There seems to be some sort of spiritual fit between Japanese classical culture and Shakespeare: the tragic themes; hand to hand violence; portentous warnings about greed and ambition; the balancing of feelings of what it is to be human; the inner turmoil of the isolated and conflicted ruler. Akira Kurosawa’s early success with his own version of Macbeth in Throne of Blood brought him international notice. Ninagawa Macbeth, did the same for this director following its first staging in Edinburgh in 1985. This production has been revived to celebrate the director’s work and influence following his death last year and these two nights at Theatre Royal Plymouth are part of a world tour.
Ninagawa’s Macbeth is a feast for all the senses. The set takes the form of an enormous butsudan, usually a small table-top altar used for Buddhist worship at home.
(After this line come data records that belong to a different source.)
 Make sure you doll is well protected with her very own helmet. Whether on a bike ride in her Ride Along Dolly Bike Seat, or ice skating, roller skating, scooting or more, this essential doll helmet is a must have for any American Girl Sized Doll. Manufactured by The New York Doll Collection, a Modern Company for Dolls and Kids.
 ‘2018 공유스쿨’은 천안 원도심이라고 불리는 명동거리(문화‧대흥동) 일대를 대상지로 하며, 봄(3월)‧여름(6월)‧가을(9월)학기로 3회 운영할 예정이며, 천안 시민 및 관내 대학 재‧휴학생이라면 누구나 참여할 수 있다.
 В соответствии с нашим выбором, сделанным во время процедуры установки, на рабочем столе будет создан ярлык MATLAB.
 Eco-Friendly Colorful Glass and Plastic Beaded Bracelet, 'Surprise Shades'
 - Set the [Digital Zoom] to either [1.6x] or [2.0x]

The entire staging is set beneath the vast lacquer, and richly embellished black and gold shrine. The front is at first closed off by huge sliding paper screens. At times these are fully pulled back or the back-lit action is viewed through the translucent material giving an almost detached feel to some scenes. At one time a huge folding painted screen with a traditional Japanese nature scene forms the backdrop. At other times the backdrop is a huge red sun or a cherry tree laden with blossom. The blossom a constant visual mnemonic for the transient nature and fragility of life. Throughout Ninagawa draws on musical support from both Fauré’s Requiem and Samuel Barber’s Adagio for Strings. The result was reminiscent of either Buddhist monks chanting or life drifting through the air with the cherry blossom.
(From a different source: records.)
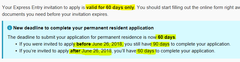 当地时间6月26日,加拿大移民部宣布,从即日起,快速通道(Express Entry)候选人被抽中后的材料准备时间从90天改回为60天。如果候选人在6月26日之前受邀申请移民,有90天的时间在网上递交全部材料;若在6月26日或之后受邀,只有60天的时间完成申请。移民部表示,60天的时间对大部分人来说足够。在2016年11月之前,90%的受邀候选人在60天期限内提交申请。有些人认为申请时间太短后,移民部在2016年11月放宽期限。从那时起,依然有57%的人能在60天内完成。
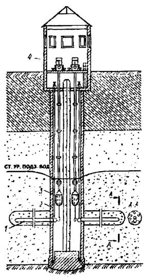I - выход подземных вод; 2 - водоприемная камера; 3 - глиняный замок;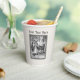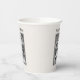 These paper cups are white with a vintage drawing in black and white inside an ornate black frame of Little Red Riding hood talking to the wolf in the forest under trees on the front and back. Customise your text with the templates on the front and back.

Of the many courses in this feast for our eyes are the clothes and make-up of the cast. Ninagawa replaces 11th Century Scotland with 16th Century Japan. Military costumes worn by nobility are heaving stylised and embellished to denote rank and family. Both Macbeths wear sumptuous, flowing kimonos, with huge square sleeves hanging to the floor, and a heavily patterned train following behind them. The wigs and makeup are all reminiscent of the many images familiar from Japanese ukiyo-e prints. The final scene in the first half sees the isolated Lord and Lady Macbeth (finely performed by Masachika Ichimura and Yuko Tanaka) hold onto each other for support as if frozen in one of those famous Floating World prints. It is a tribute to Ninagawa that at this point you really do feel sorry for them.
But it doesn’t last once the killing spree in the second half gets underway. The savage murder, appropriately carried out by ninja assassins, of Macduff’s wife and young family, sees to that. Tormented by his demons and surrounded by enemies Macbeth’s famous end draws close. Heavily ritualised fight scenes between samurai, wielding razor-sharp katana, feel a little long and, in this production, rather limply delivered, which is disappointing. But by now our senses are already so overloaded by the combined spectacle of what has gone before it is a minor issue.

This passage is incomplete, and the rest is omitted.